19 tips to ditch the sugar in your diet

ditch the sugar

Sugar is the evil ingredient that not only extends our waistline but also has a dramatic impact on our health.  Simply put, sugar turns quickly into fat which contributes to obesity.  This has a knock on effect of increasing our risk of type 2 diabetes and other major health conditions such as heart disease.

On average, American’s consume about 22 of sugar teaspoons a day! Why?
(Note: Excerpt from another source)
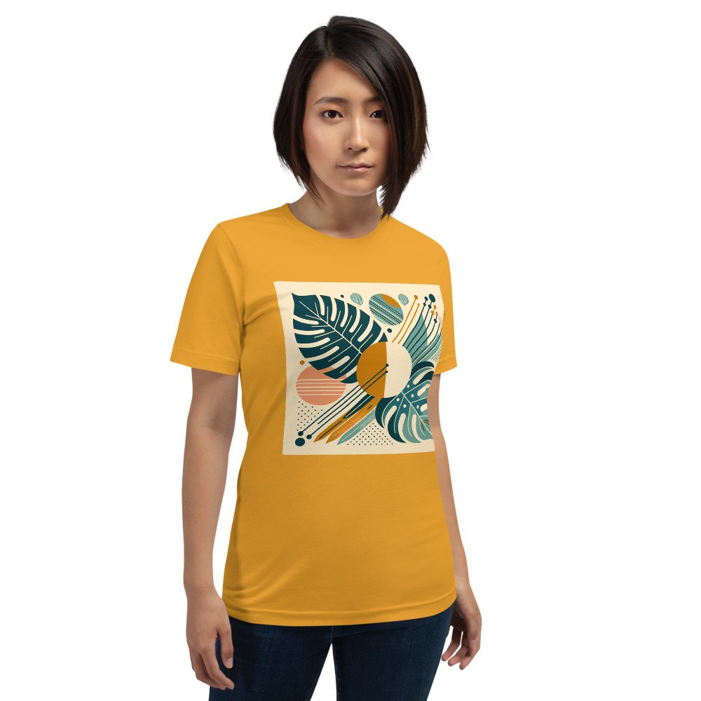 An abstract botanical composition featuring bold monstera leaves, striped circles and diagonal linework in teal, mustard and peach. The layered shapes create a modern floral rhythm with a clean geometric leaves aesthetic. Soft texture and balanced symmetry give the design a refined mid-century feel.
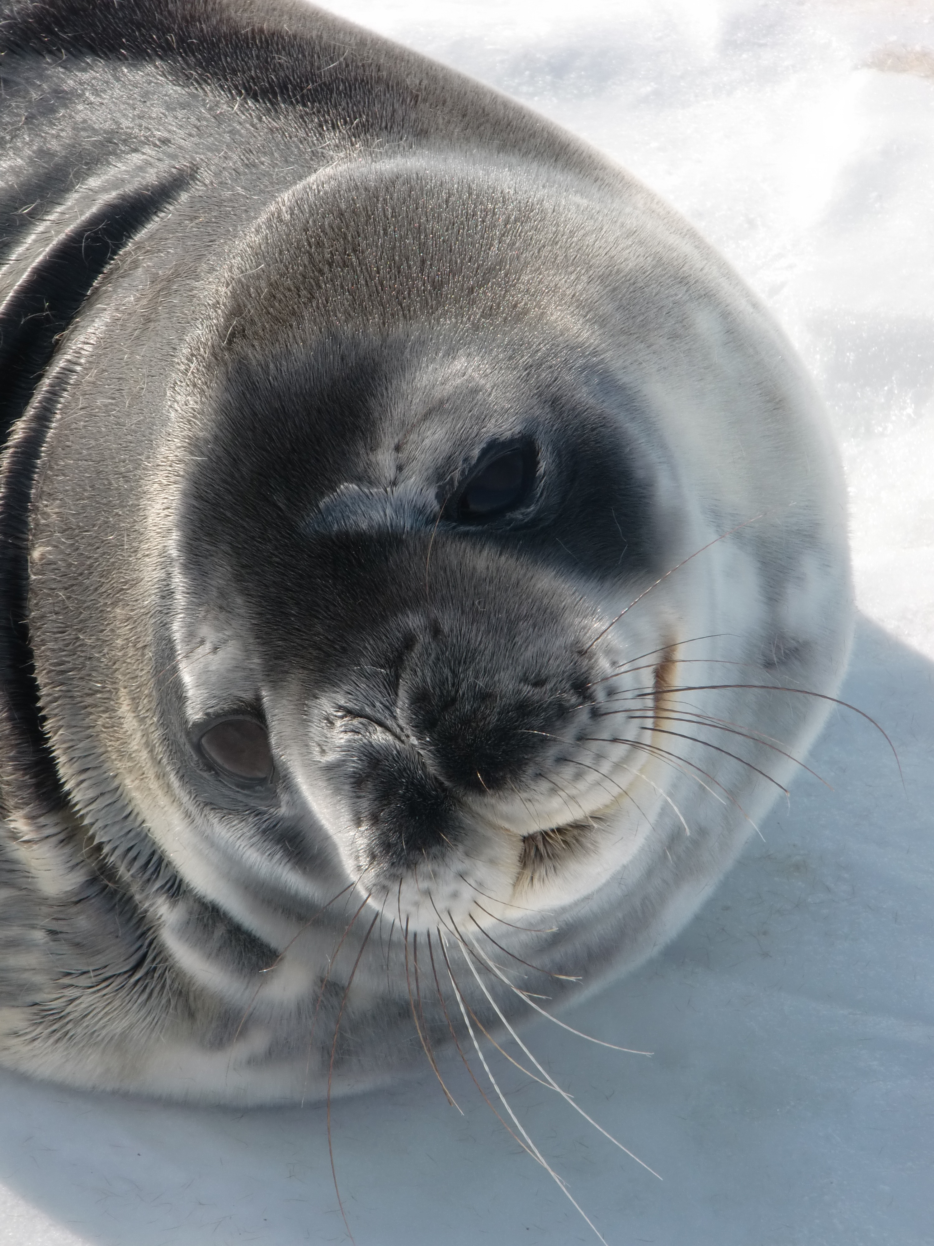 A Weddell seal poses for the camera. Near McMurdo Station, Antarctica.

Because it is found in almost all packaged foods and is seriously addictive.  It is no wonder our health is on the decline, particularly in Western nations.

So we’ve put together 19 tips to ditch the sugar in your diet and keep you on track to living a low-sugar lifestyle.

#1 Reduce your intake of sugar slowly

If you are consuming a lot of sugar in your diet, the chances are you are addicted.  Going cold turkey can wreak havoc with your emotions as well as shock your body.  Headaches, sweating, fatigue, nausea are all signs the addiction has taken over.  A gradual reduction might not only be easier in the long run, but also may help you maintain it.

#2 Spend more time cooking

If you make time to get in the kitchen, prepare delicious foods and make plenty of leftovers you are less likely to grab a quick, sugary snack or a unhealthy take-away meal.

#3 Consume whole foods

Eating plenty of whole foods will ensure no added sugar is sneakily put into the food.  It will also make your diet healthier in every other way and you will feel way better for it!

#4 Read your food labels

Stop listening to the marketing on the front of the food product and start reading the labels.  Compare products and brands to see what ingredients are in the product, in particular the type and amount of sugar.

#5 Ditch the soda and juice

Most of the soda and juice on the markets are pretty much sugar water and have very little nutritious benefit, if any at all.

#6 Avoid diet soda

If you are trying to kick your sugar habit, diet sodas are not going to be doing you any favours.  The artificial sweeteners in the soda actually make your body think it is getting glucose.  When it doesn’t, your body gets hungrier and your sugar cravings heighten.

#7 Up your protein intake

Protein keeps your blood sugar under control and helps reduce the sugar cravings as well as keeps you feeling full for longer.

#8 Eat regularly

When you skip meals or deprive your body of food, your energy tips and you are more likely to turn to sugar for a quick pick-me-up.

#9 Prepare snacks for on-the-go

Before you walk out the door each day, make sure your handbag has a couple of emergency snacks like nuts, veggie sticks or hummus to keep on hand for when you have missed a meal or have a sugar craving.

#10 Drink water

When dehydrated, we often recognise thirst as a craving for sugar.  Drinking plenty of water will help your body’s system functions correctly and you won’t be as likely to eat calories instead.

#11 Consume healthy fats

Healthy fats such as nuts, olive oil and avocado help you fulfil your hunger pains, provide you energy and balances out your blood sugar levels.

#12 Try out some spices

There are plenty of spices that satisfy your sugar craving without adding any refined sugar to the mix.  Think cinnamon, nutmeg and cardamom!

#13 Educate yourself

Sugar isn’t listed on food labels as ‘sugar’.  Food manufactures are much smarter than that! There are over 40 types of sugars used in processed foods.

#14 Hit the sack

Getting a good night sleep can ensure your body has rested and is full of energy ready to start the day.  If you are not getting around 7.5 – 8 hours a night, your body will look for energy full somewhere else, like sugar!

#15 Don’t be fooled by advertising

“Fat-Free” often means less fat, more sugar.  “Sugar-free” means the product is free of sucrose or table sugar, but not all types of sugars.  “Lite” only refers to light in colour, flavour or texture, not a healthier product.  As you can see the advertiser’s creative wording and claims may look great, but often they are no better for you.

#16 Enlist a friend

Get a friend to reduce their sugar intake at the same time means you have a little support from someone who is experiencing the same things.  You can also motivate each other as well as swap tips, recipes and be a sounding board for when things are getting tough.

#17 Reach for the dark chocolate

When you just need to satisfy your chocolate craving, dark chocolate with 75 and over percent of cocoa is what you should reach for.

#18 Switch fruit with veggies

While fruit delivers fibre and water, it still is a form of sugar.  Rather than spend the day munching on fruit, switch a piece or two with veggies.

#19 Watch what’s in your blender

The juice and smoothie craze has got people hooked and while you think you might be healthy by blending up a tasty smoothie filled with ‘superfoods’ you may be just serving up a glass of calories.  Watch the amount of fruit you throw into each smoothie!

Kicking your sugar habit is no easy feat, but it is worthwhile when you do!